No 1º ciclo do Ensino Básico, os alunos frequentavam explicações maioritariamente em Centros de ATL (instituições que oferecem actividades de ocupação de tempos livres diferenciadas, não se especializando no fornecimento de explicações); no 2º ciclo em Centros de Estudo (instituições que se dedicam apenas a explicações) e no 3º ciclo e Ensino Secundário os alunos procuravam preferencialmente explicadores particulares (MOUTINHO NETO, 2006, p. 223).

Em relação às razões apontadas pelos pais para justificarem a procura de explicações para os seus filhos, refere-se que os pais com filhos a frequentar o Ensino Básico indicam como principais razões para esta procura a prevenção do risco de retenção e o desejo de que os seus filhos obtenham classificações que lhes permitam aceder ao Ensino Superior. Os pais com filhos no Ensino Secundário apontaram como principal razão a obtenção de classificações para garantir o acesso ao Ensino Superior (MOUTINHO NETO, 2006, p. 211).

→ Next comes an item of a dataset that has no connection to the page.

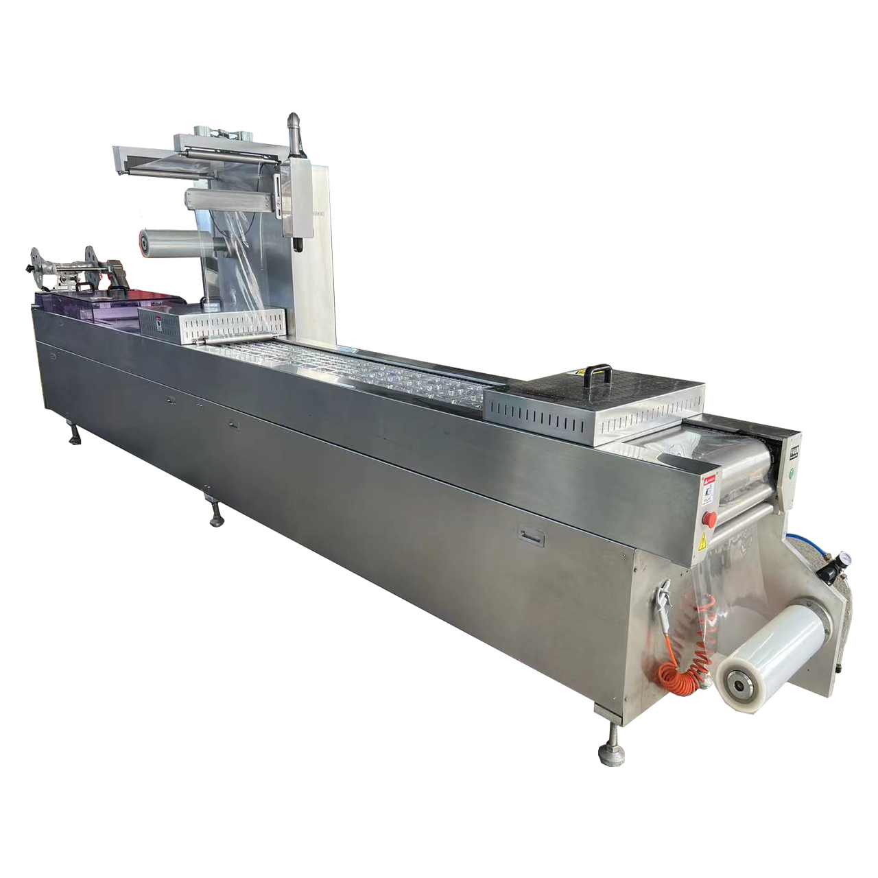 Thermoforming Vacuum Packing Machine is a high-performance solution designed for automated, airtight packaging of various food products. Ideal for international markets, this machine combines thermoforming and vacuum sealing technologies to extend shelf life, maintain freshness, and enhance product presentation. Built with durable stainless steel and advanced control systems, it ensures reliable operation in diverse production environments. Suitable for meat, poultry, seafood, dairy, and ready-to-eat meals, it delivers consistent, professional-grade packaging. Fully customizable to meet different mold shapes and packaging requirements, this machine supports efficient, large-scale production while complying with global food safety standards. Trusted by clients across Africa, the Middle East, Southeast Asia, and South America, it’s engineered for durability, precision, and ease of maintenance—making it the ideal choice for modern food processing businesses worldwide.

É de referir também, em relação à realidade portuguesa, o trabalho de Silveirinha (2007). A autora realizou um estudo sobre as explicações também na Cidade Aquarela, tendo como objectivos fazer um levantamento do mercado das explicações nesse espaço, caracterizar esse mercado, analisar as representações dos alunos sobre as implicações das explicações nos resultados escolares dos alunos do 12º ano no que concerne à disciplina de Matemática e verificar o impacto das explicações no sistema educativo. A autora aplicou questionários a alunos do 12º ano que frequentavam explicações de Matemática e realizou entrevistas com indivíduos que fornecem explicações. No decurso deste estudo a autora decidiu dividir os explicadores objecto de estudo em duas categorias: os explicadores 'domésticos', que são "indivíduos que dão explicações em casa e, na sua generalidade leccionam em escolas do Ensino Básico e Secundário (e eventualmente Superior)" e os explicadores 'públicos', "que podem ou não, exercer a actividade docente, e que se dedicam à actividade de explicador em centros de explicação" (SILVEIRINHA, 2007, p. 161, grifo do autor). Em relação aos explicadores 'domésticos' a autora verificou que para todos os entrevistados o número de anos que afirmavam ter trabalhado como explicadores ultrapassava o número de anos passados a exercer a actividade docente, o que a levou a concluir que estes tinham iniciado a actividade de explicador antes de concluírem os seus estudos universitários. A autora registou uma diferença entre as idades daqueles que eram explicadores 'domésticos' e os que eram explicadores 'públicos': em relação aos primeiros, a média de idades situava-se nos 58 anos; em relação aos segundos, esta média situava-se nos 25 anos, o que indica que este segundo grupo era composto por uma população mais jovem, pois como podemos verificar, entre as médias de idades dos dois grupos existem 30 anos de diferença . Para além disto, no que diz respeito ao número de anos que os explicadores indicavam ter trabalhado como professores, para o grupo dos explicadores 'domésticos' a média de anos situava-se nos 29,8 anos, o que demonstra uma longa experiência de ensino, e no caso dos explicadores 'públicos', o quadro apresenta-se bastante diferente, já que a sua maioria (66,6%) não possui experiência de ensino, não tendo nunca leccionado numa escola (SILVEIRINHA, 2007, p. 163-166).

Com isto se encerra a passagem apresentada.